Bob Dylan and “Murder Most Foul”: A look back at an assassination and the pop culture that followed
today at 5:00 am
Twas a dark day in Dallas, November ’63
A day that will live on in infamy
President Kennedy was a-ridin’ high
Good day to be livin’ and a good day to die
November 22, 1963. President John F. Kennedy is shot to death in Dallas, Texas. Everyone from my generation can give you a detailed account of where they were on this day. I was in sixth grade, at recess after lunch, when we first heard of the shooting. An hour later, my class was watching as NBC’s Frank McGee announced the death of the President.
On this date, Bob Dylan is a twenty-two year old folk singer. He’s at the start of a legendary career. Like everyone else, the way he looked at his life, and the world, changed on that November day. Almost sixty years later, Bob Dylan writes about the day that does live in infamy.
A month ago today, Dylan released “Rough and Rowdy Ways.” Now seventy-nine years old, it’s his thirty-ninth studio album and his first of new music since 2012’s “Tempest.” The reviews have been wonderful. Some have claimed it’s his best work since “Blood on the Tracks.” While many of his contemporaries stopped creating new music years ago, it’s uplifting to see that at his age, Bob Dylan still has plenty to say….plenty he wants us to learn. It’s certainly a pleasant and unexpected change from his last three releases of standard tunes.

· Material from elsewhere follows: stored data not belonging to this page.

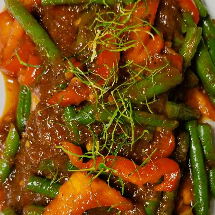 Choice of meat with green beans and bell peppers in sweet chili paste. Spicy.
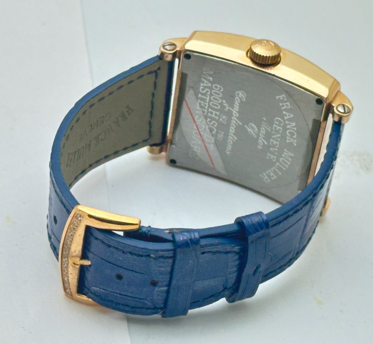 Franck Muller Master Square Diamond Blue Leather Strap Watch
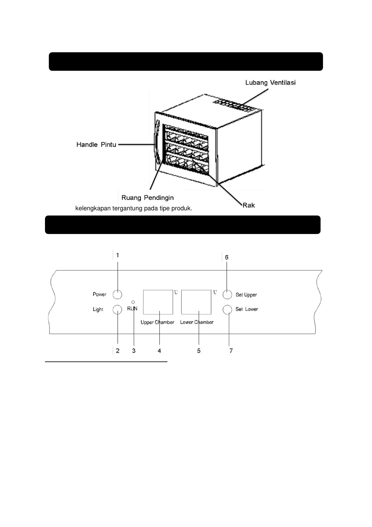 Menampilkan suhu aktual pada kompartemen bagian bawah.
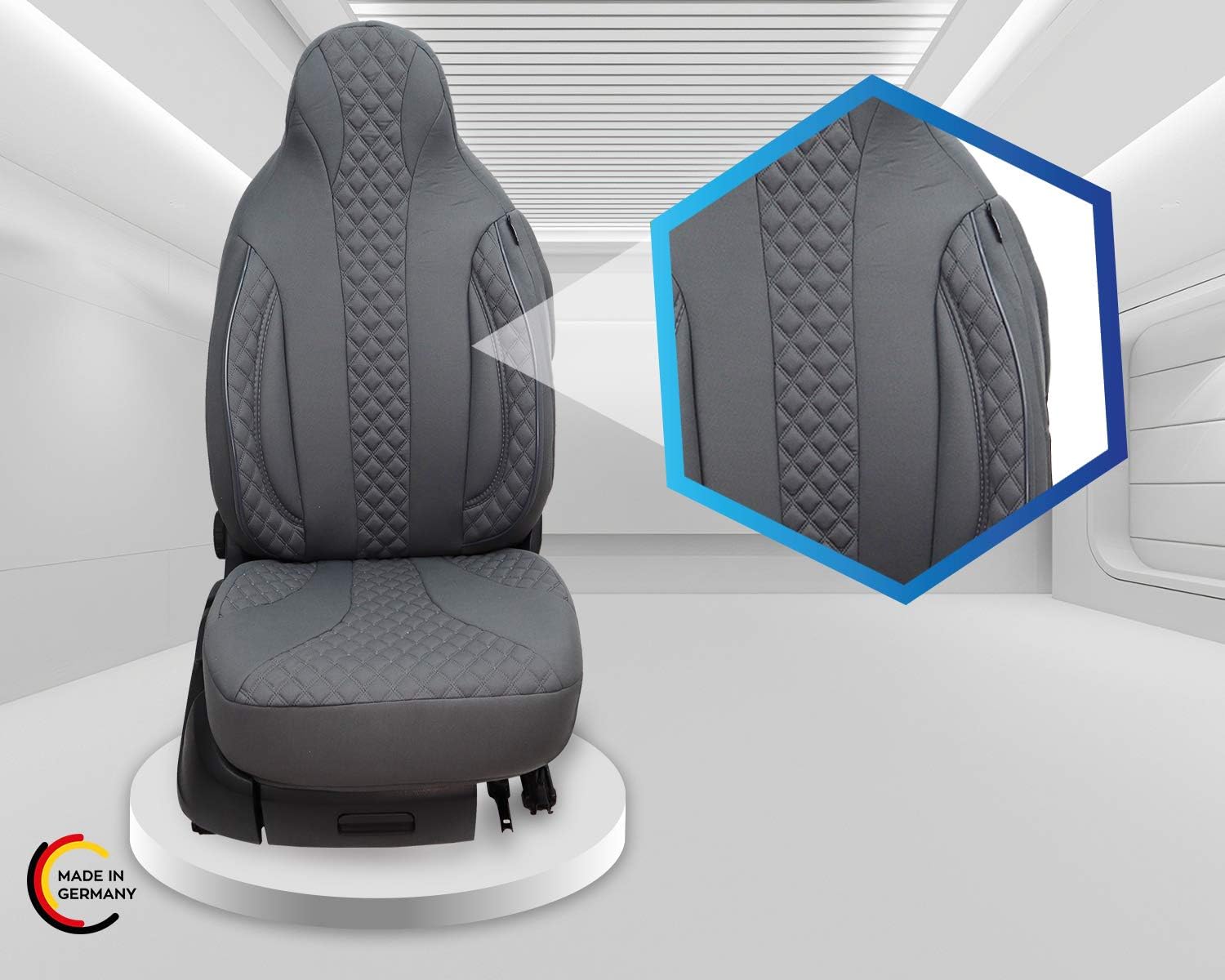 - MERKMALE - Mass Anfertigung für Fahrer und Beifahrer, Passend auch für Aktivkopfstützen (nicht abnehmbare Kopfstützen), Fertigung Made in Germany

Although there’s more speaking than singing, Dylan’s voice sounds better than it’s been in years. The music is lovely and the lyrics are accessible. and It’s easy to follow along. It’s a straight forward record. You don’t need to spend a lot of time trying to read between the lines deciphering what he really means to say. It’s well worth the seventy-five minutes of your time to give it a listen.
The jewel of the album is “Murder Most Foul.” It starts by telling the details of the Kennedy assassination and then moves forward into the pop culture of the music that followed. From JFK and LBJ to the Beatles, Woodstock and Altamont. He’ll ask if Lee Harvey Oswald and Jack Ruby know the truth about that weekend in Dallas; then out of nowhere asks The Who, if Tommy can hear him. Among others getting a shout out are members of the Eagles and Fleetwood Mac, as well as Jazz legends Oscar Peterson, Stan Getz, Charlie Parker and Thelonius Monk.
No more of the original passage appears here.